Well, here I go again sad and depressed about my weight. Yes, again. Don't get me wrong. I have made many strides to be more fit and have lost about 25lbs . Yet, I don't feel like I have been successful. Many people say I look great and I just don't see it . Why? Why do women do that?. I can tell that I look better but.... Because I haven't hit my mark....MYYYY personal goal, I constantly feel like a failure. Which is my own doing not anyone else. My family thinks I am crazy. I have asked them to help me with my eating at home. The wine the cheese the pastries.. the cappuccinos. coffee with cream and sugar... UUgh...
So, I am starting again, with a whole new plan this year to get back on track and to lose the last 30 lbs.. Yes 30, but I will take 20. Currently, I weight 166lbs, I would like to be around 140.. I know its just a number but seriously, until I can get my mind to change that's what it is. I want to be 140. I may reach 148 and be happy who knows. Right know my brain is telling me 140.

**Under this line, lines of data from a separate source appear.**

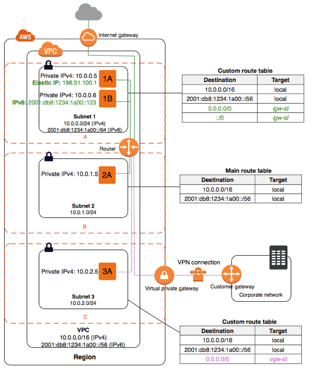 - AWS의 가용영역에 의해 subnet이 나눠진다.
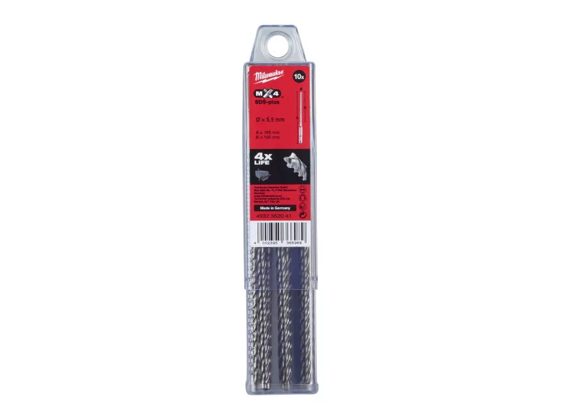 MILWAUKEE Gesteinsbohrer 5,5 x 165/100 mm vierschneidig SDS-Plus (10 Stück)
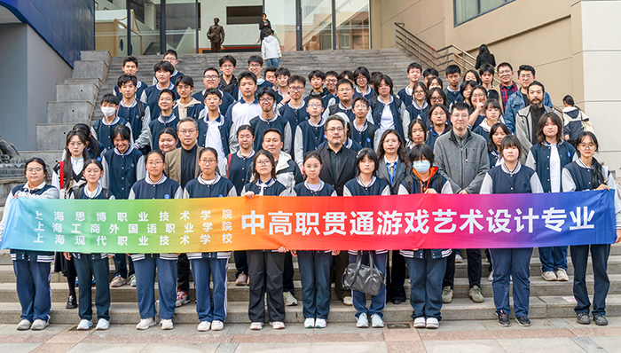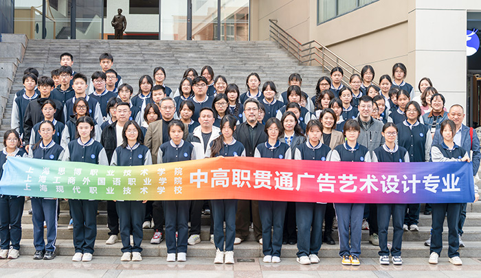 11月5日下午,“走进新纪元——设计专业中高贯通班校园开放日”活动在艺术设计与传媒学院李宪锋院长的统筹部署下,于上海工商外国语职业学院图书馆报告厅举行。上海市现代职业技术学校数字艺术专业群负责人赵崝、招就办副主任岑天昊,上海工商外国语职业学院艺传学院支部书记兼副院长刘向阳、教学副院长和水英、校产教融合办副主任曾健等校领导和专业团队,以及来自游戏艺术设计、广告艺术设计四个班级的百余名同学和家长代表参加活动。活动通过“交流分享”与“校园参观”两大环节,全面展现了中高职贯通人才培养的路径与成果,进一步深化了校际协同与家校联动的机制。
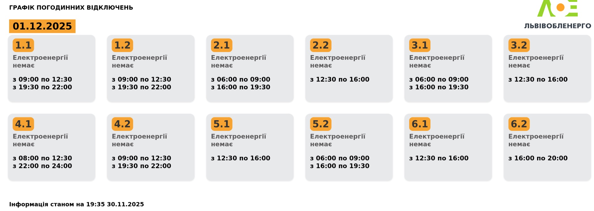 Графік погодинного вимкнення електроенергії у Львівській області у понеділок, 1 грудня:

So, This year I am going to do the bodybuilding Transformation Challenge
www.bodybuilding.com and hopefully. I will meet some of my goals. This is going to be my main focus. Period, I think I let what my family and others think block my blessings as they say. Parties dinners.. I have to be strong.. I realized if I truly want to do this.. its up to me. I have to be strong and focused and driven and that's my plan...
My Goals for 2014:
1. Finish my 3 races: Rock and Roll Nice Feb 16th
Rome Marathon March 23rd.
Midnight Marathon in May
2. To Lose 25-30 lbs
3. To become Spin Certified.
These are my goals. Wish me Luck !!!